MATERIAL PROVIDED =
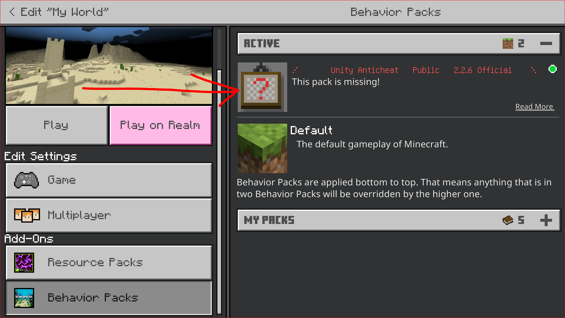 I always have to reinstall this addon/behavior pack after I leave the world or just refresh Minecraft by closing it. You can find a picture below of what I'm talking about. Please comment below if you do not understand
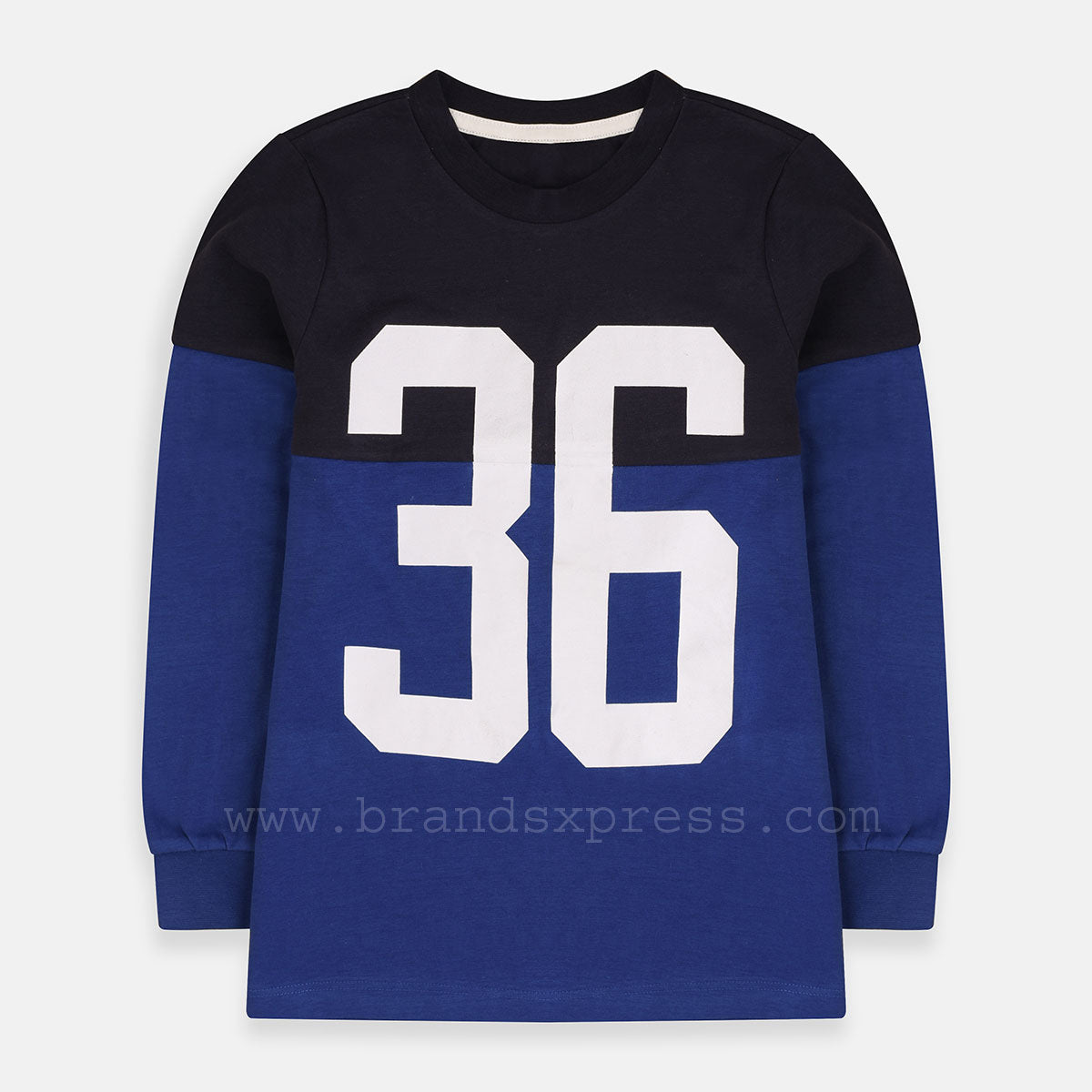 H 36 Print Block Patch Blue Full Sleeves Tshirt 7601
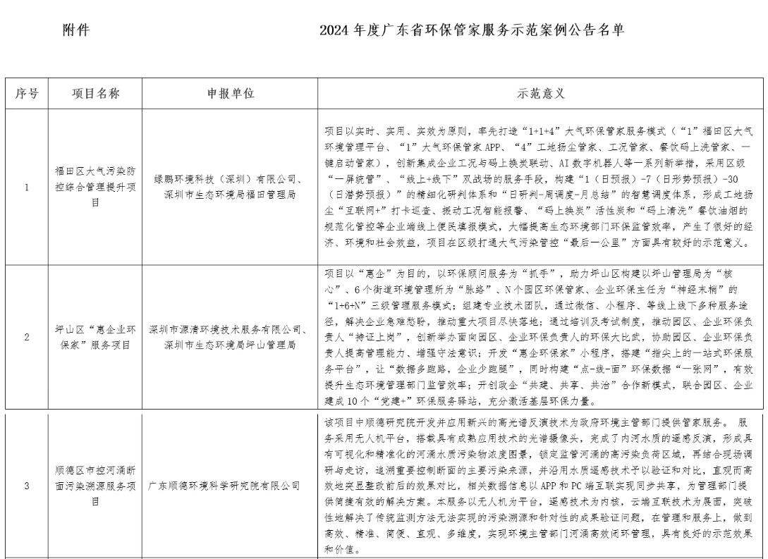 我司環保管家項目被評為“廣東省環保管家服務示范案例”
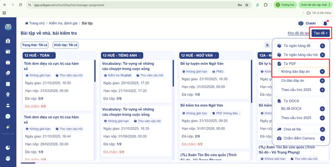 Bước 3: Thầy/cô chọn “Tạo đề”, chọn “Từ PDF không đảo đáp án”
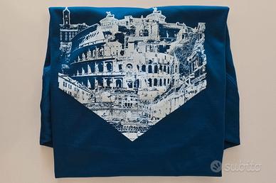 Colore blu navy, tessuto tecnico traspirante Roly Sport, taglia L (EU/UK), con stampa serigrafica bianca che raffigura il Colosseo e i principali monumenti di Roma.
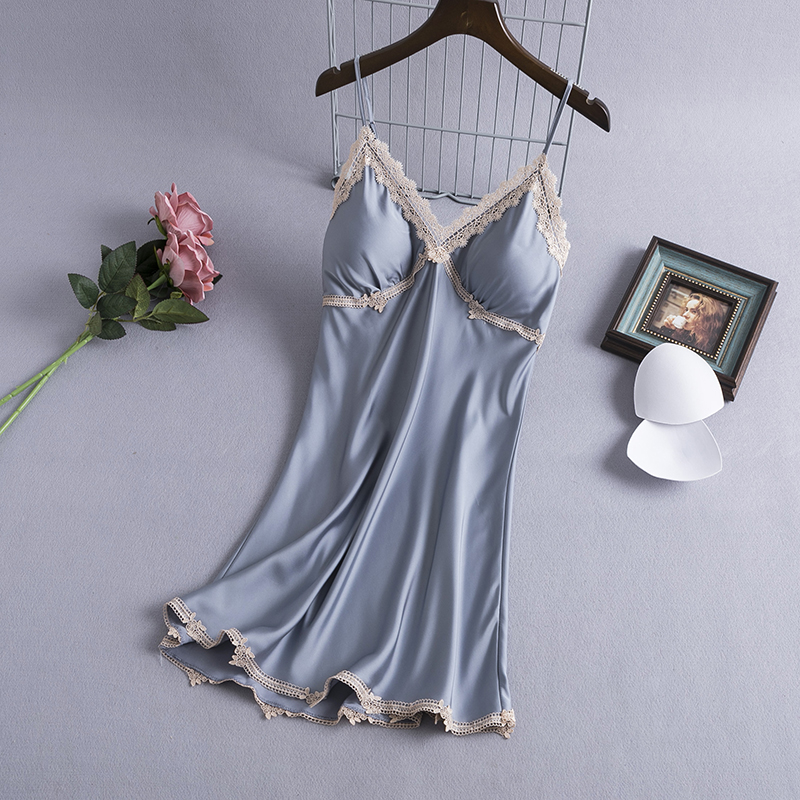Mulberry Silk Sexy Harness Sleeping Dress Woman True Silk Thin with chest cushion Sleeping Lace Fire Spicy Seductive Silk Home Clothing
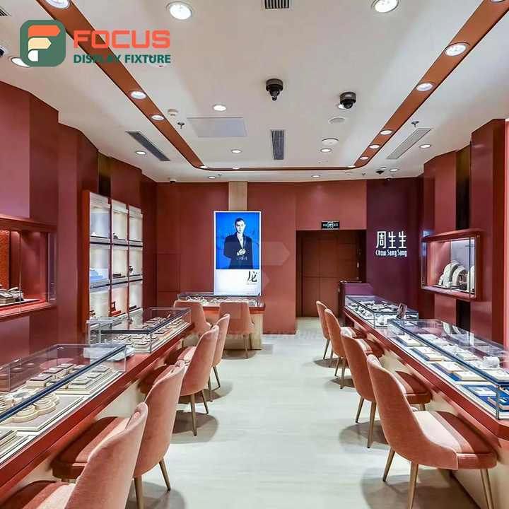 ตู้โชว์กระจกสำหรับเครื่องประดับ พรีเมียม สีแดง ดีไซน์หรูหรา ทันสมัย สำหรับร้านค้า พร้อมไฟ LED คุณภาพสูง
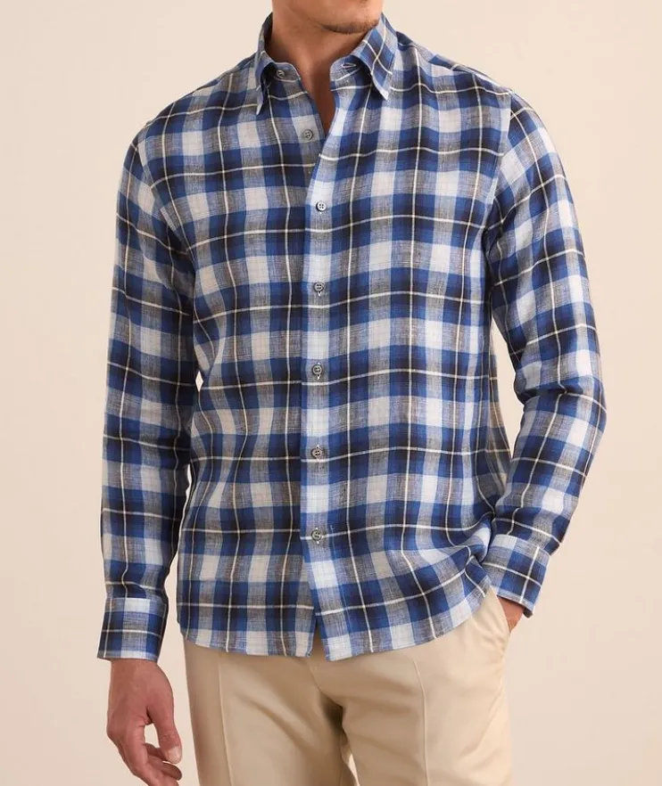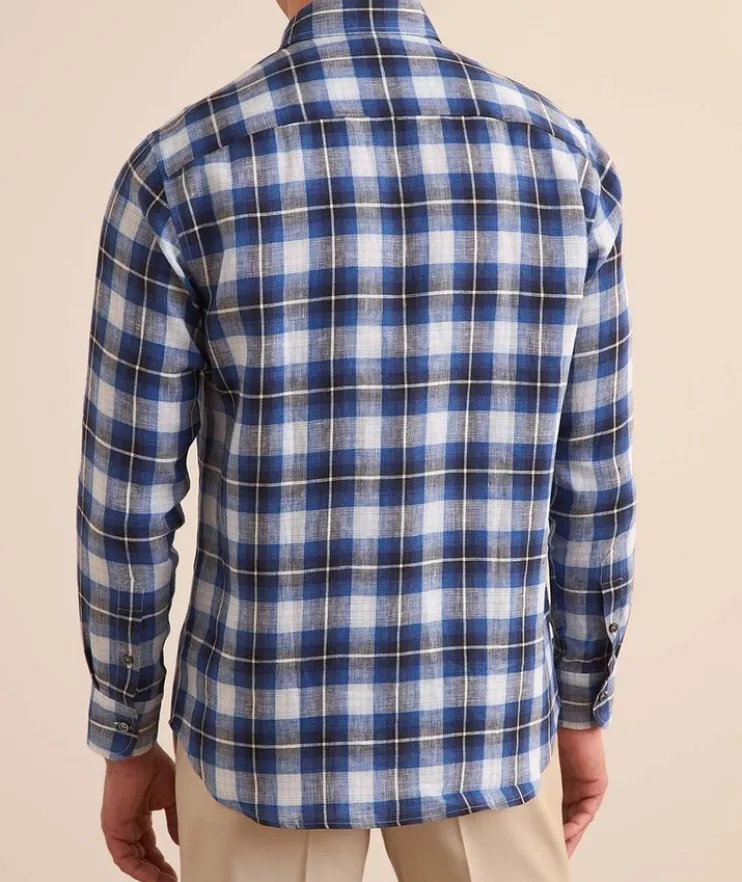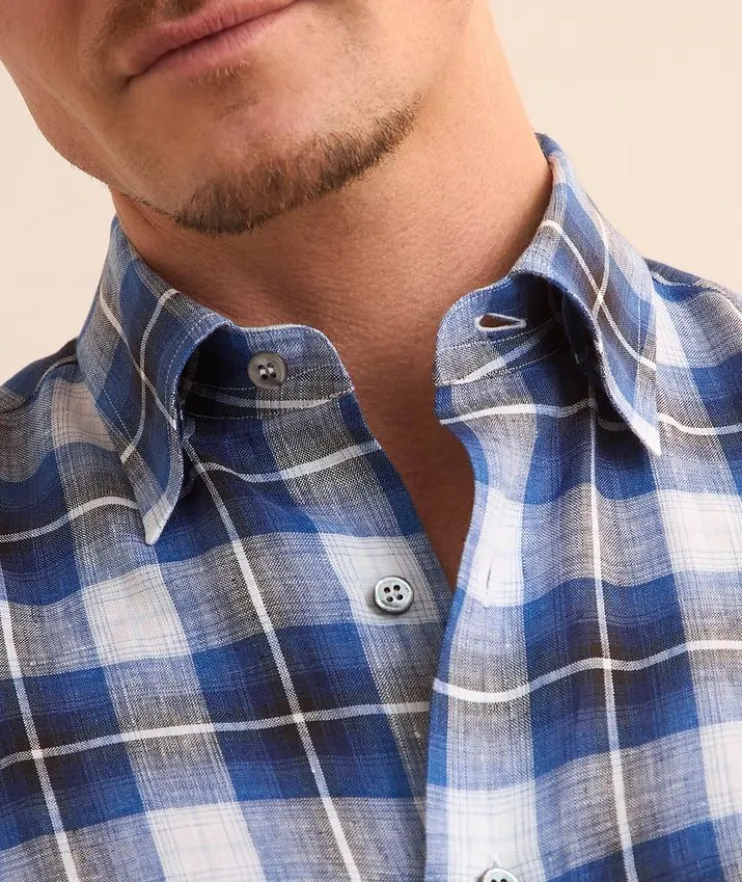 - Constructed in a solid design from breathable linen, this classic shirt is designed with hidden buttons at the collar to keep everything in place while simultaneously achieving a streamlined look.

AIM OF THE EXERCISE =
Copy exactly the lines from the first line of the records above through the line with "ตู้โชว์กระจกสำหรับเครื่องประดับ พรีเมียม สีแดง", both included, and nothing else. Pictures stay out.

RESULT OF THE TASK =
 I always have to reinstall this addon/behavior pack after I leave the world or just refresh Minecraft by closing it. You can find a picture below of what I'm talking about. Please comment below if you do not understand
 H 36 Print Block Patch Blue Full Sleeves Tshirt 7601
 我司環保管家項目被評為“廣東省環保管家服務示范案例”
 Bước 3: Thầy/cô chọn “Tạo đề”, chọn “Từ PDF không đảo đáp án”
 Colore blu navy, tessuto tecnico traspirante Roly Sport, taglia L (EU/UK), con stampa serigrafica bianca che raffigura il Colosseo e i principali monumenti di Roma.
Mulberry Silk Sexy Harness Sleeping Dress Woman True Silk Thin with chest cushion Sleeping Lace Fire Spicy Seductive Silk Home Clothing
 ตู้โชว์กระจกสำหรับเครื่องประดับ พรีเมียม สีแดง ดีไซน์หรูหรา ทันสมัย สำหรับร้านค้า พร้อมไฟ LED คุณภาพสูง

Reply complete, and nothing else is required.